(Data shown Opens)

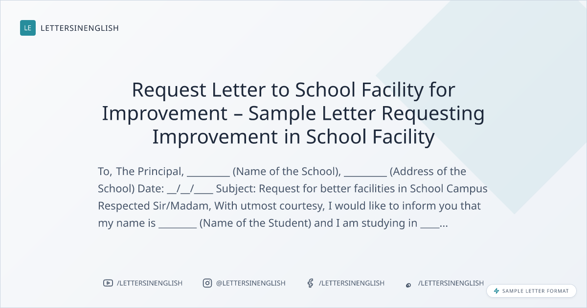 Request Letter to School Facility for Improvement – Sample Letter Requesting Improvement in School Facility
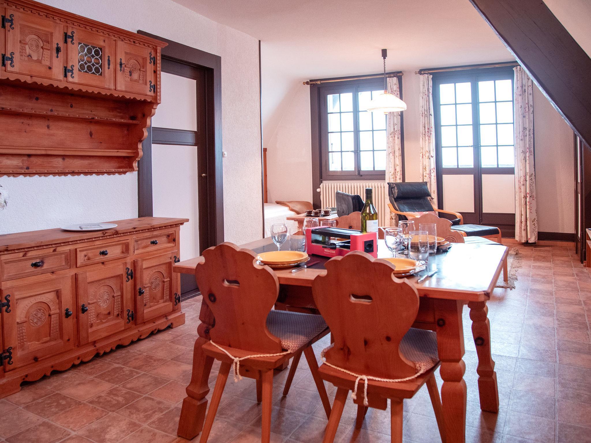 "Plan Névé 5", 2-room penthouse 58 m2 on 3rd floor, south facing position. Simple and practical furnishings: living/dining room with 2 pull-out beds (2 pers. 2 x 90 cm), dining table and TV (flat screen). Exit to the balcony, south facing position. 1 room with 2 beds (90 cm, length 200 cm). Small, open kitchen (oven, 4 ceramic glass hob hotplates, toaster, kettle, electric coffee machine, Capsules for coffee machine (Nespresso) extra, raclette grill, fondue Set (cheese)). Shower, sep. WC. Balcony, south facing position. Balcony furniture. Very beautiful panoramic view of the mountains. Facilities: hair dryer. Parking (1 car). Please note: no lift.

(Data shown Closes)
(Data shown Opens)

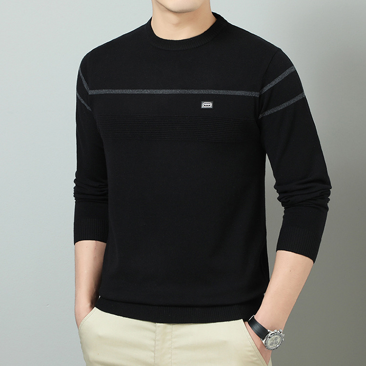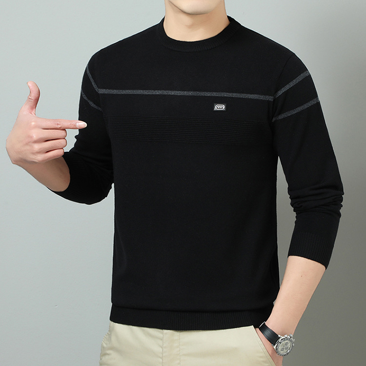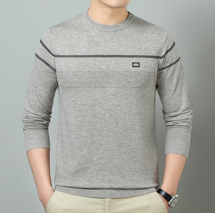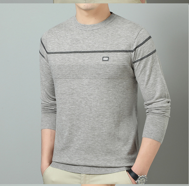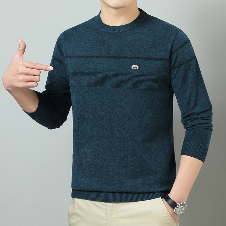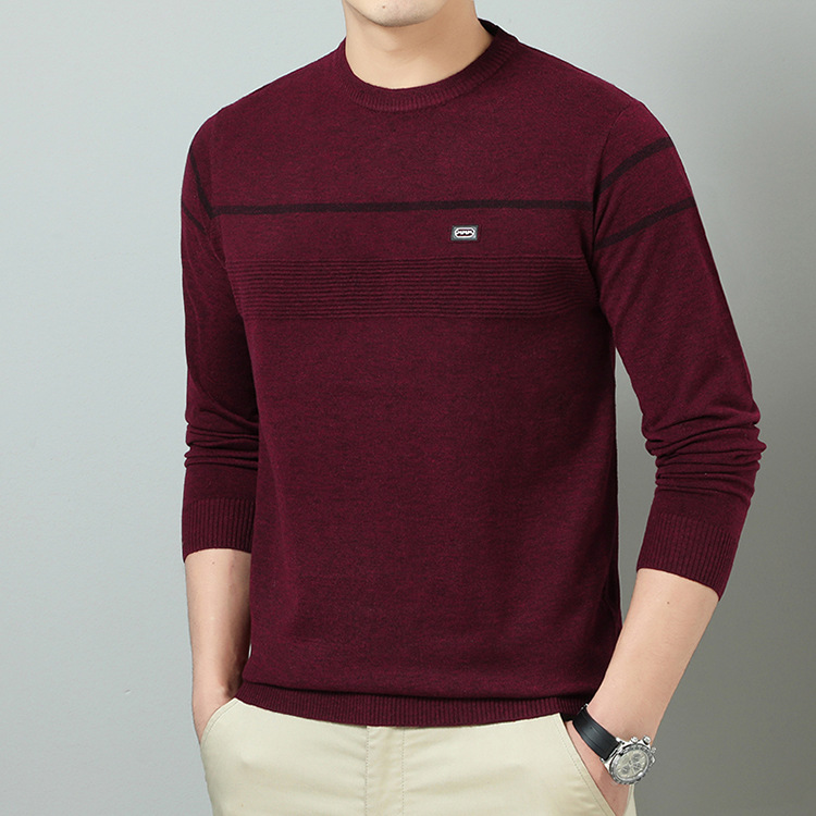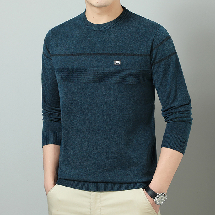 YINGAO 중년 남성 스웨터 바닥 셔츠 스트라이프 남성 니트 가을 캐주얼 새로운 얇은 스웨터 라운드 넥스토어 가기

(Data shown Closes)
(Data shown Opens)

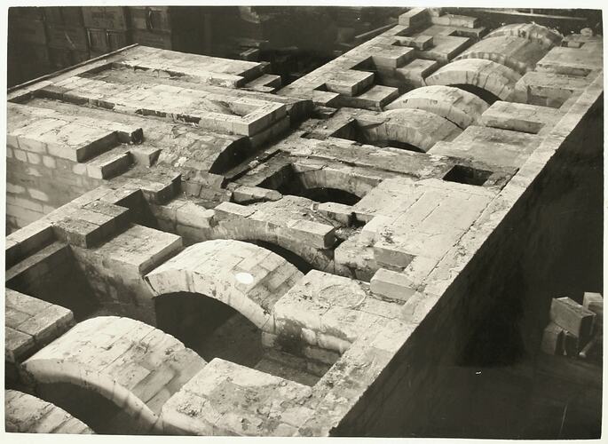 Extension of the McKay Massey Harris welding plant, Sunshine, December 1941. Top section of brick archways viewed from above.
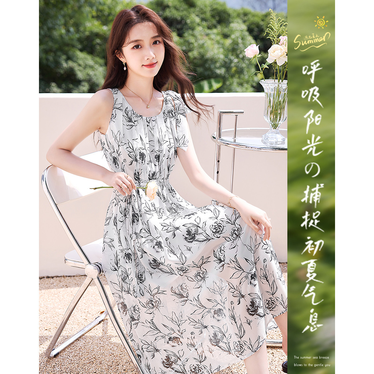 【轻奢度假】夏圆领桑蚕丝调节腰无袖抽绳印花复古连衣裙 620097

(Data shown Closes)

→ **What to work on**
Starting at the line above that holds "Request Letter to", return each line up to and including the one that holds "note: no lift.", exactly as written, minus any pictures.

→ **Solved exercise**
 Request Letter to School Facility for Improvement – Sample Letter Requesting Improvement in School Facility
 "Plan Névé 5", 2-room penthouse 58 m2 on 3rd floor, south facing position. Simple and practical furnishings: living/dining room with 2 pull-out beds (2 pers. 2 x 90 cm), dining table and TV (flat screen). Exit to the balcony, south facing position. 1 room with 2 beds (90 cm, length 200 cm). Small, open kitchen (oven, 4 ceramic glass hob hotplates, toaster, kettle, electric coffee machine, Capsules for coffee machine (Nespresso) extra, raclette grill, fondue Set (cheese)). Shower, sep. WC. Balcony, south facing position. Balcony furniture. Very beautiful panoramic view of the mountains. Facilities: hair dryer. Parking (1 car). Please note: no lift.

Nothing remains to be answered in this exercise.